____ Provided data

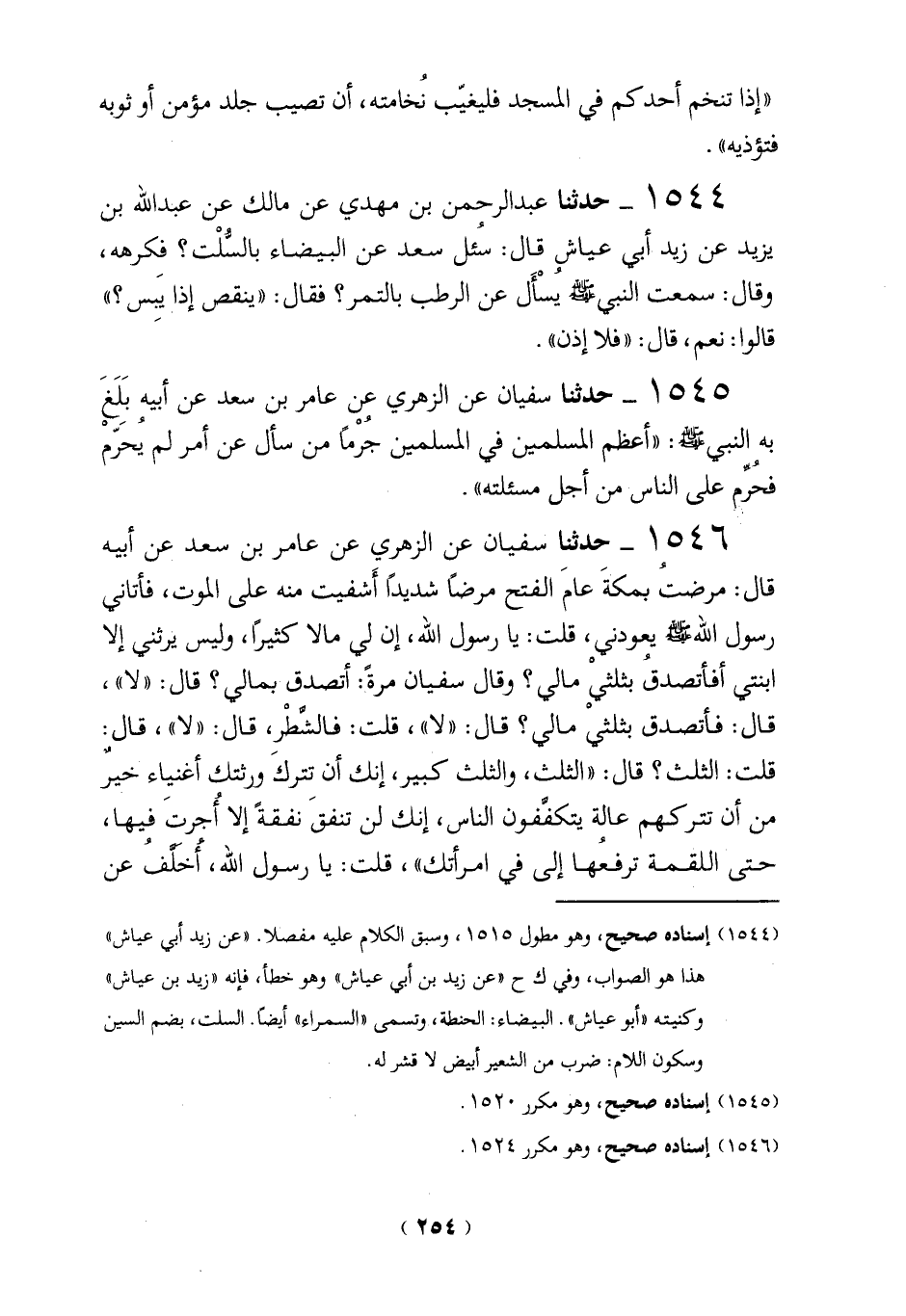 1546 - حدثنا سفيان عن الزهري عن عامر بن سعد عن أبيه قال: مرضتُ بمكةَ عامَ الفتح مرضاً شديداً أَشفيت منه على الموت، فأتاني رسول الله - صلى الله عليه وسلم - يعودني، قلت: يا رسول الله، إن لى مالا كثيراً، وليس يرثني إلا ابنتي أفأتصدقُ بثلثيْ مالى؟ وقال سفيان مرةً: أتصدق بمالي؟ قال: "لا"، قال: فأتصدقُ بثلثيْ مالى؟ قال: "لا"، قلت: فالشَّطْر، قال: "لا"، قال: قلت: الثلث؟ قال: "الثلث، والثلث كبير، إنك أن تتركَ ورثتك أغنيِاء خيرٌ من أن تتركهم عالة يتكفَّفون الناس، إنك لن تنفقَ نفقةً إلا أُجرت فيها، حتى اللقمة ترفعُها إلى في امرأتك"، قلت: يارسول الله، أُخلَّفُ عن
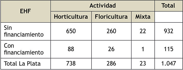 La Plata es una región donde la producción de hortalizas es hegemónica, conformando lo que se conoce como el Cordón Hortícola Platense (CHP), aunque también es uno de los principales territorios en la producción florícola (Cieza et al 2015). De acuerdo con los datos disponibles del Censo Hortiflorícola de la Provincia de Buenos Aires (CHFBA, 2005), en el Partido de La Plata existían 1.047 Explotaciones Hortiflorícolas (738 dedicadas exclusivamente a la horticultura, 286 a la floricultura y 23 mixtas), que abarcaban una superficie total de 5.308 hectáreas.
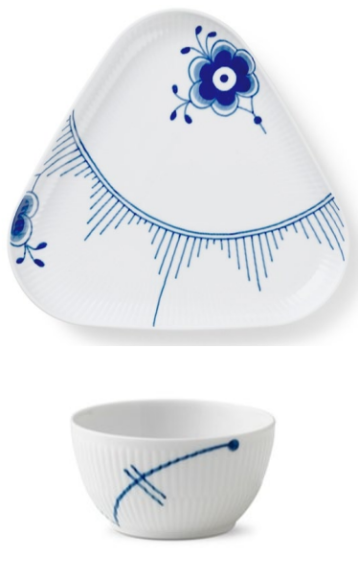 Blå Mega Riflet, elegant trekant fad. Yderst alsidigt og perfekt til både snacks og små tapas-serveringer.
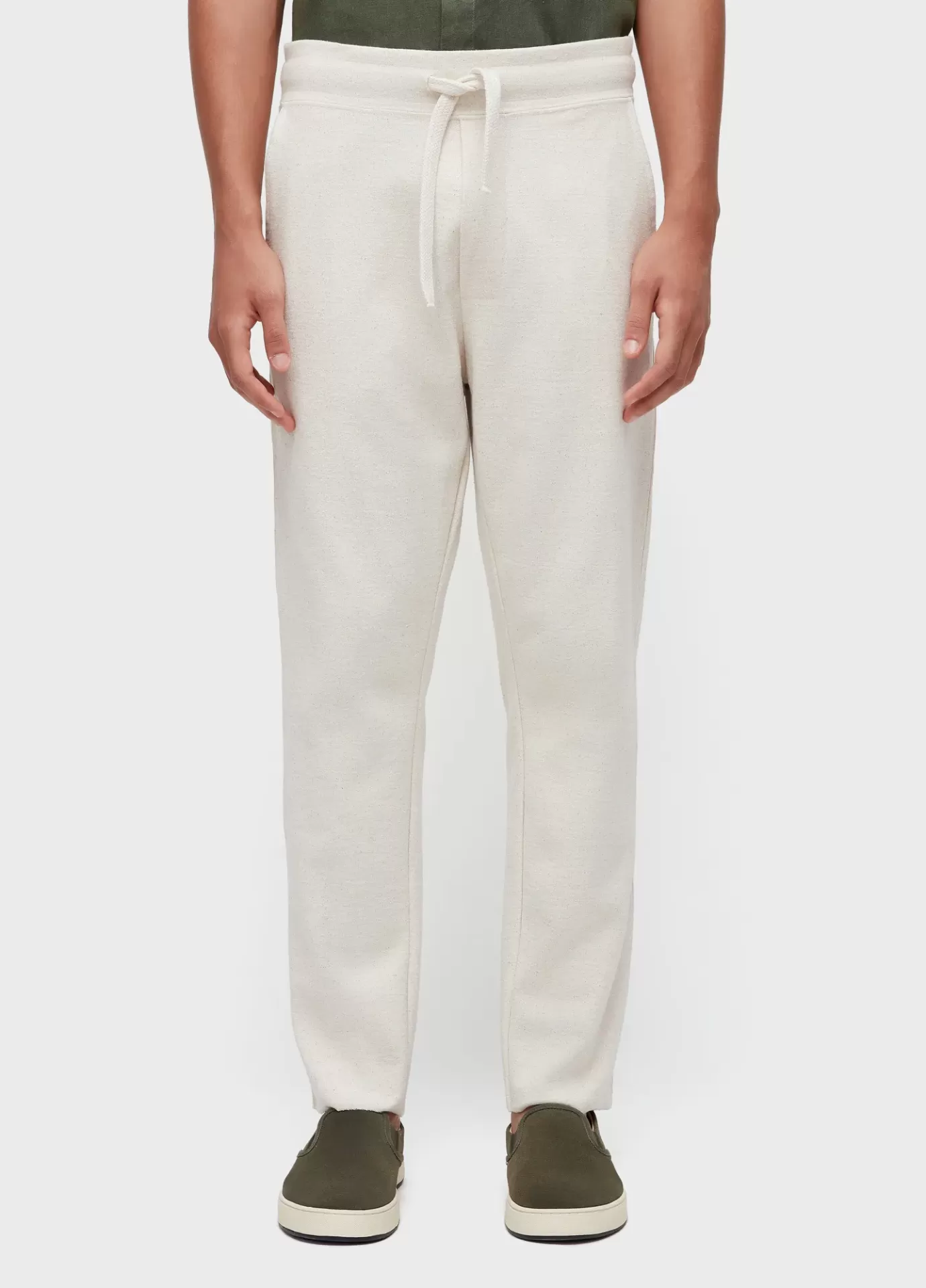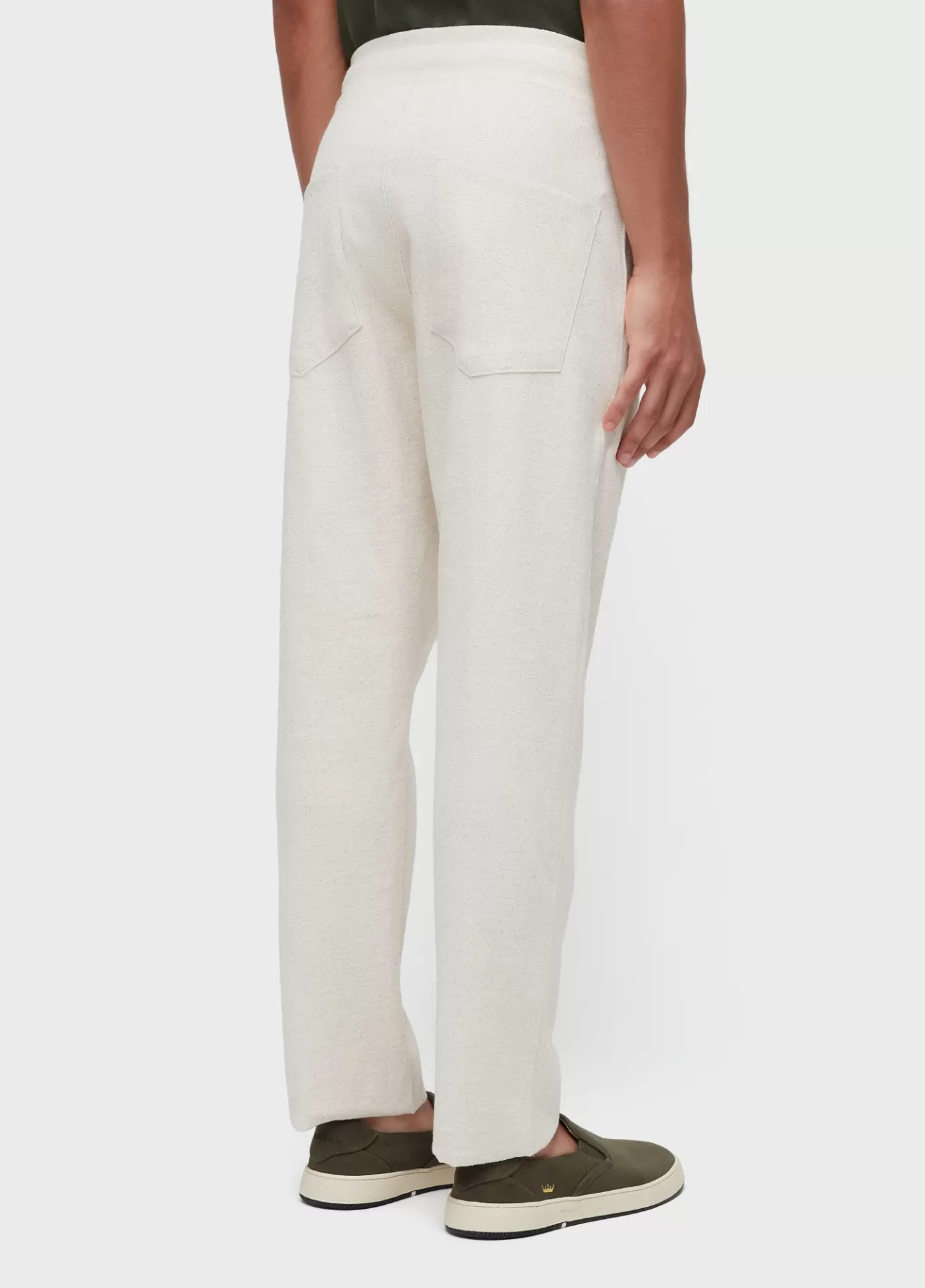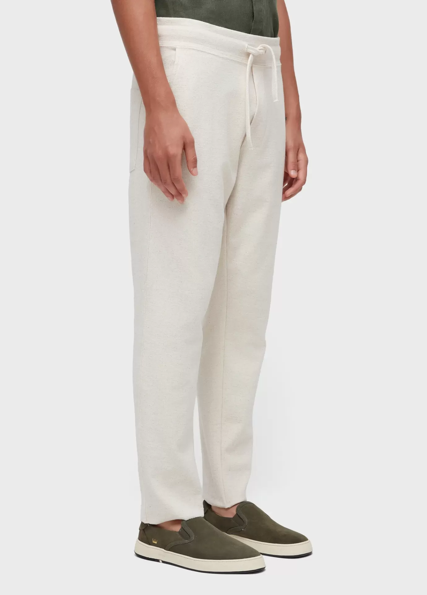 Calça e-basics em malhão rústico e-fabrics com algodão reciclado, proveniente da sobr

________

• [Description of the task]:
Quote each line of the listing exactly, but leave the pictures out.

• [Exercise solution]:
 1546 - حدثنا سفيان عن الزهري عن عامر بن سعد عن أبيه قال: مرضتُ بمكةَ عامَ الفتح مرضاً شديداً أَشفيت منه على الموت، فأتاني رسول الله - صلى الله عليه وسلم - يعودني، قلت: يا رسول الله، إن لى مالا كثيراً، وليس يرثني إلا ابنتي أفأتصدقُ بثلثيْ مالى؟ وقال سفيان مرةً: أتصدق بمالي؟ قال: "لا"، قال: فأتصدقُ بثلثيْ مالى؟ قال: "لا"، قلت: فالشَّطْر، قال: "لا"، قال: قلت: الثلث؟ قال: "الثلث، والثلث كبير، إنك أن تتركَ ورثتك أغنيِاء خيرٌ من أن تتركهم عالة يتكفَّفون الناس، إنك لن تنفقَ نفقةً إلا أُجرت فيها، حتى اللقمة ترفعُها إلى في امرأتك"، قلت: يارسول الله، أُخلَّفُ عن
 La Plata es una región donde la producción de hortalizas es hegemónica, conformando lo que se conoce como el Cordón Hortícola Platense (CHP), aunque también es uno de los principales territorios en la producción florícola (Cieza et al 2015). De acuerdo con los datos disponibles del Censo Hortiflorícola de la Provincia de Buenos Aires (CHFBA, 2005), en el Partido de La Plata existían 1.047 Explotaciones Hortiflorícolas (738 dedicadas exclusivamente a la horticultura, 286 a la floricultura y 23 mixtas), que abarcaban una superficie total de 5.308 hectáreas.
 Blå Mega Riflet, elegant trekant fad. Yderst alsidigt og perfekt til både snacks og små tapas-serveringer.
 Calça e-basics em malhão rústico e-fabrics com algodão reciclado, proveniente da sobr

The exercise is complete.